◆ **Given information**:
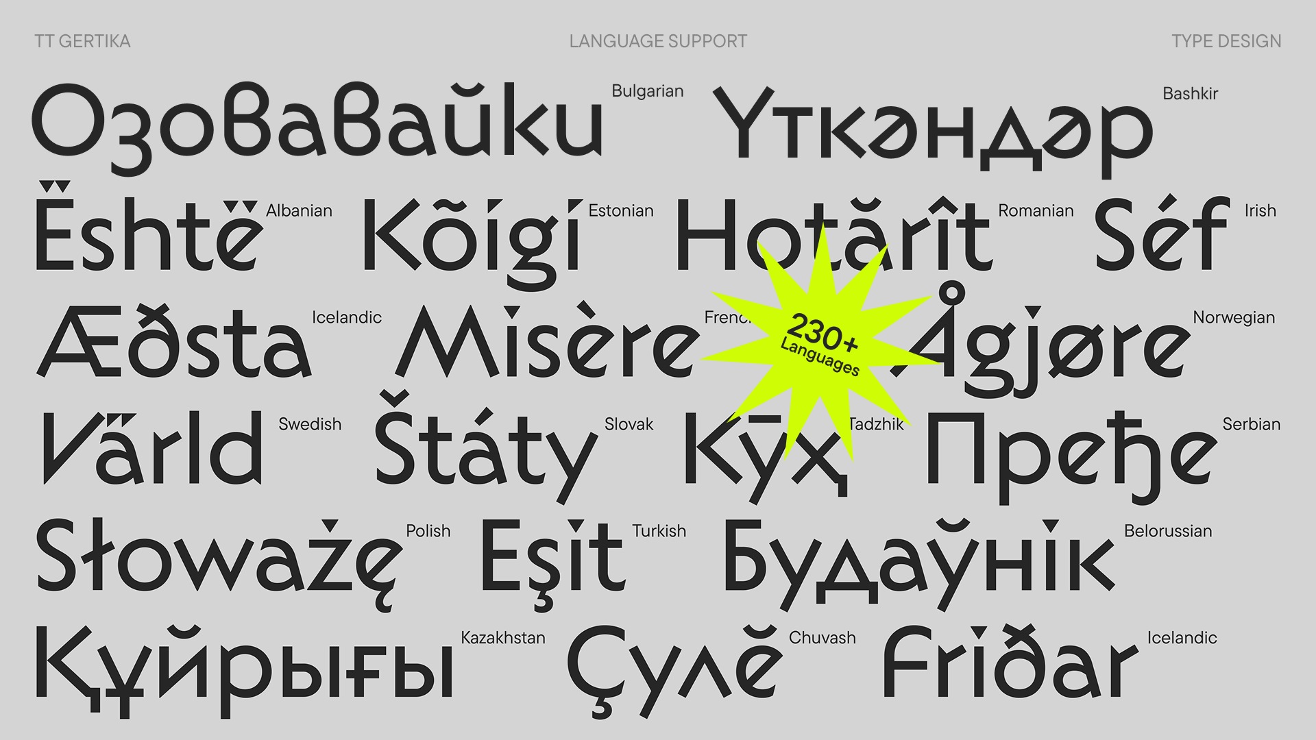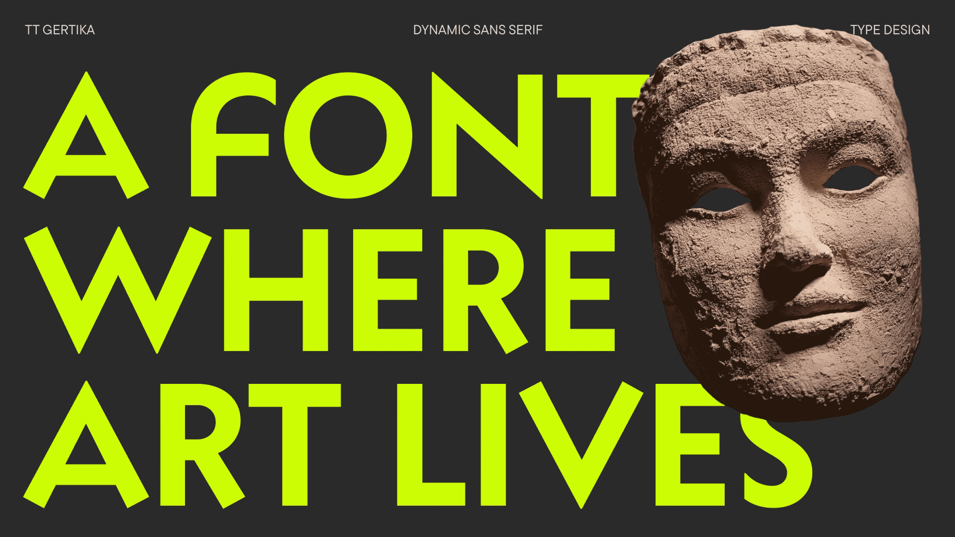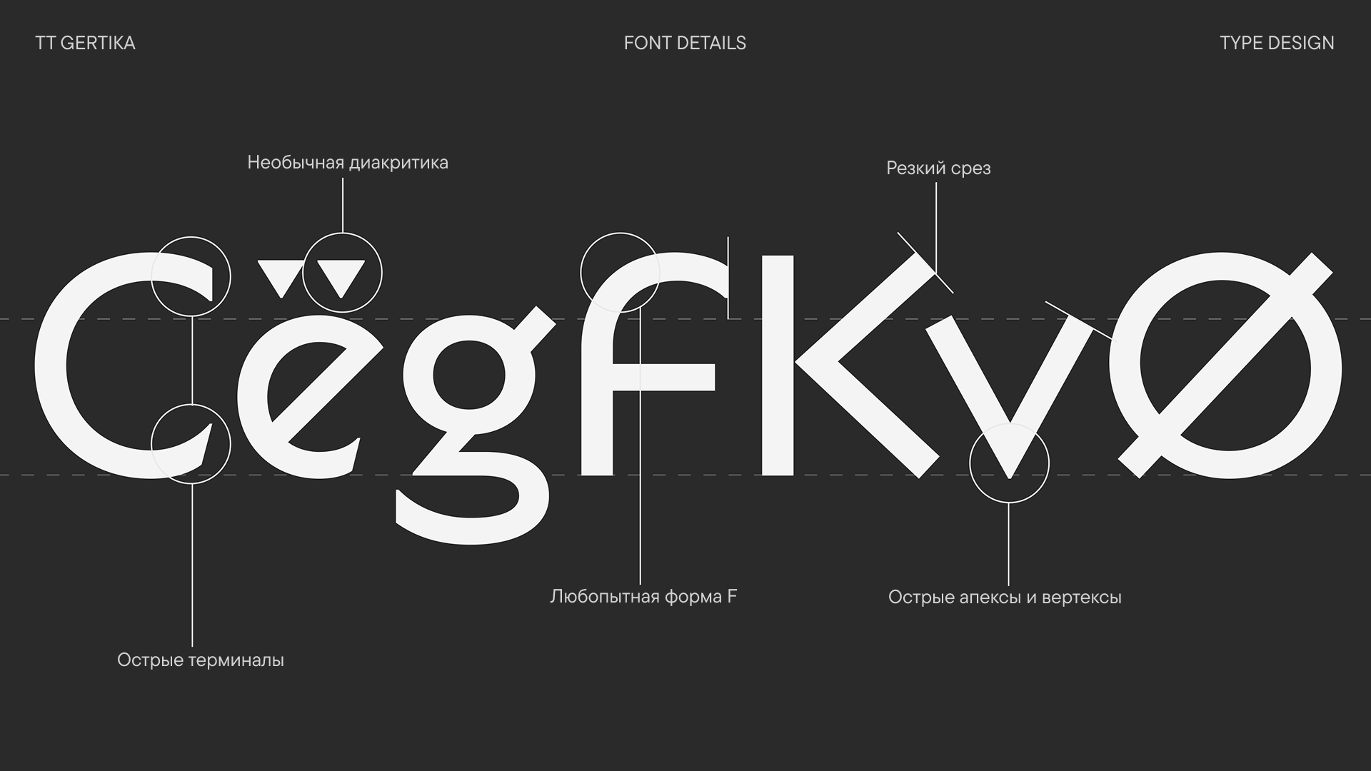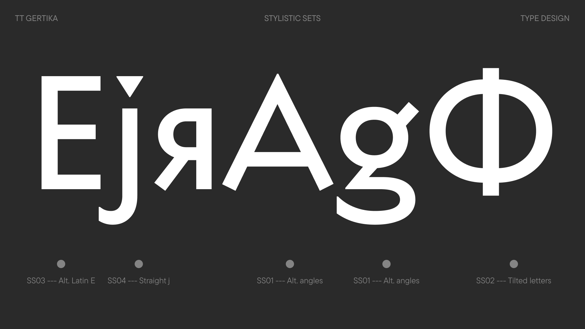 TT Gertika — геометрический гротеск с танцующим ритмом, в котором удивительным образом сочетаются архаичная мощь и современная динамика. Идея его создания зародилась из леттеринга на американском плакате 30-х годов.
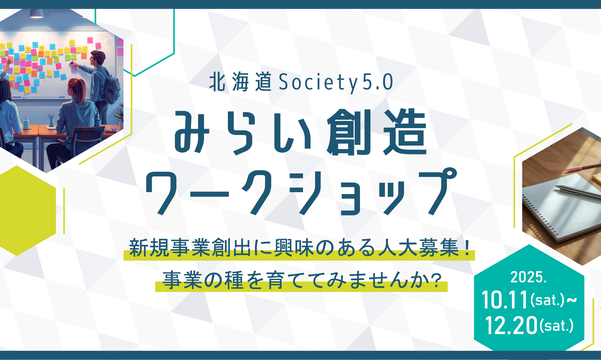 アイデアソンからビジネスモデルの構築、最終的に事業計画書をリアルに作成するプログラムである「北海道Society5.0みらい創造ワークショップ」を開催します!
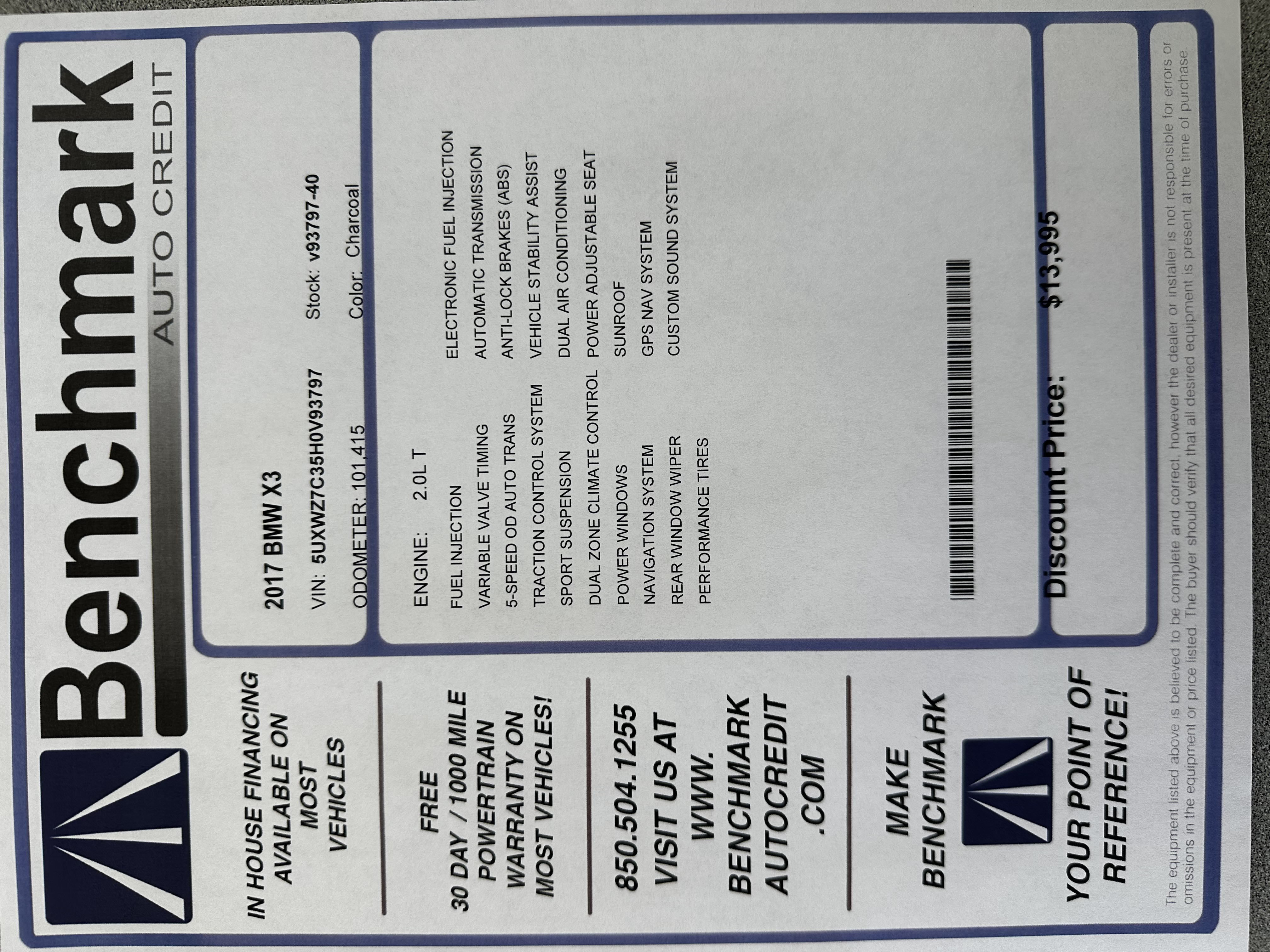 Call Benchmark Auto Credit at (850) 391-3936.
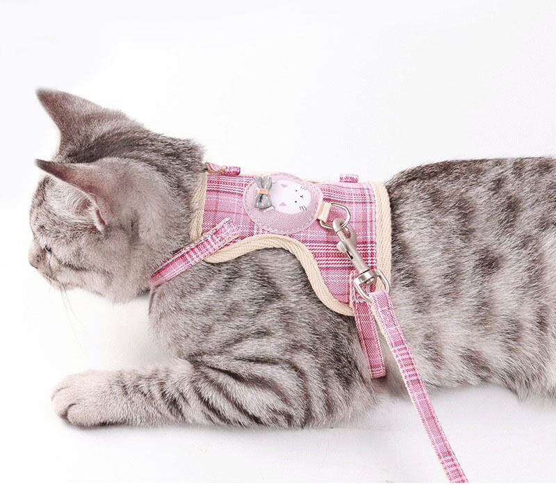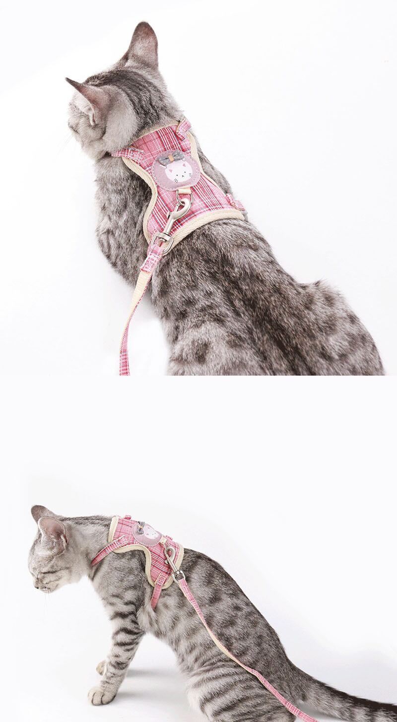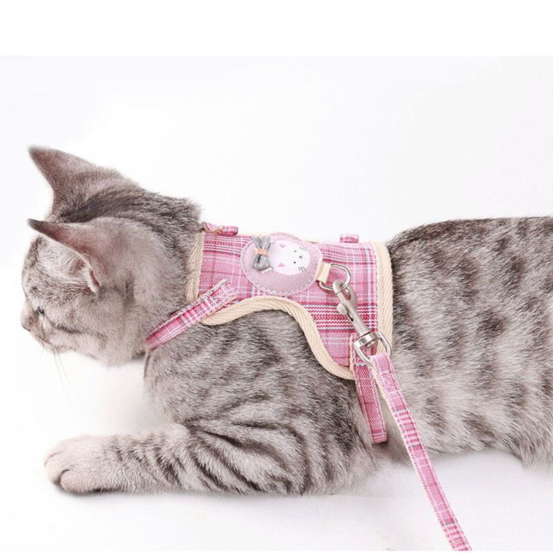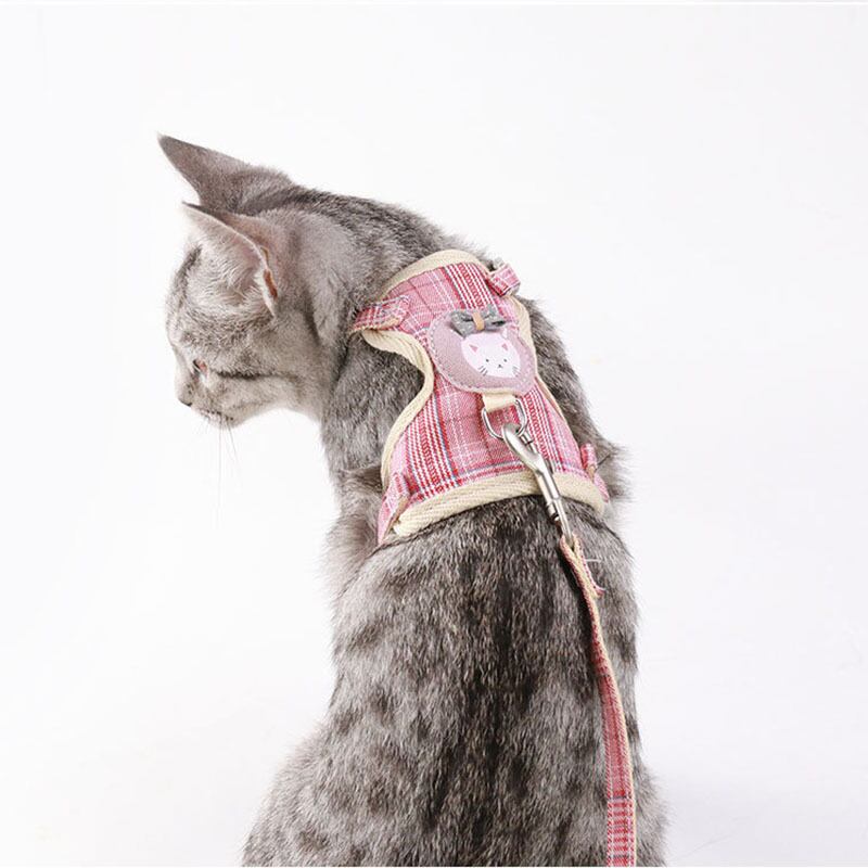 漫画の猫の首輪ハーネスリーシュ調節可能な子犬子猫ポリエステル牽引犬のロープを歩く小中型ペットハーネス
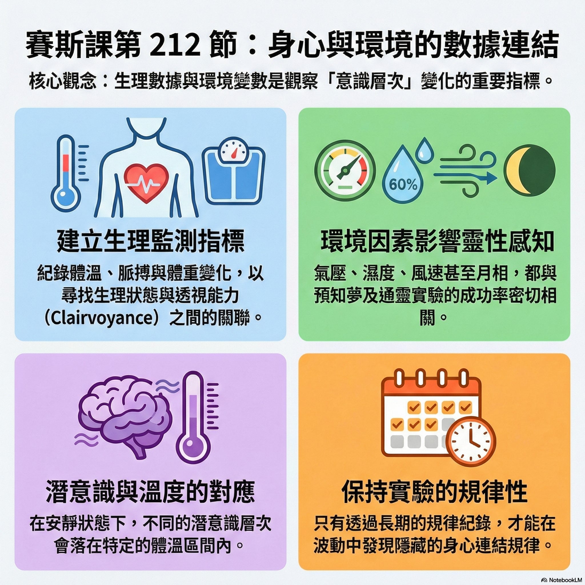 層次與溫度: 賽斯指出,除了少數情況外,潛意識的不同層次其實對應著特定的溫度範圍。這聽起來就像是你的大腦裡裝了幾台不同溫度的冰箱。
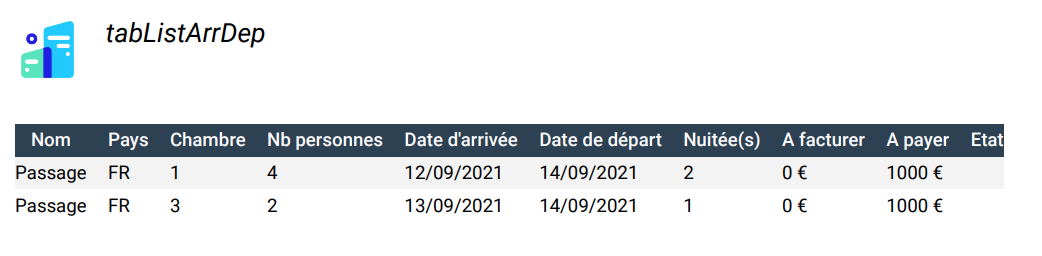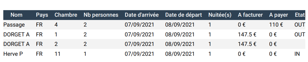À l'inverse du tableau des arrivées, vous aurez le détail de toutes les réservations en départ ce jour (ou à la date sélectionnée).
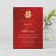 Cet élégant faire-part de mariage chinois est orné d'un double symbole de bonheur artistique en or sur un arrière - plan floral rouge rubis chatoyant. Noms de mariée et de mariée dans un élégant script manuscrit. Invitation à la cérémonie chinoise de faire-part de mariage ou de thé.

◆ **Problem**:
Please give again, word for word, the lines from the one containing "À l'inverse du" through the last line of the listing above, inclusive, and leave out pictures.

◆ **Output of the exercise**:
À l'inverse du tableau des arrivées, vous aurez le détail de toutes les réservations en départ ce jour (ou à la date sélectionnée).
 Cet élégant faire-part de mariage chinois est orné d'un double symbole de bonheur artistique en or sur un arrière - plan floral rouge rubis chatoyant. Noms de mariée et de mariée dans un élégant script manuscrit. Invitation à la cérémonie chinoise de faire-part de mariage ou de thé.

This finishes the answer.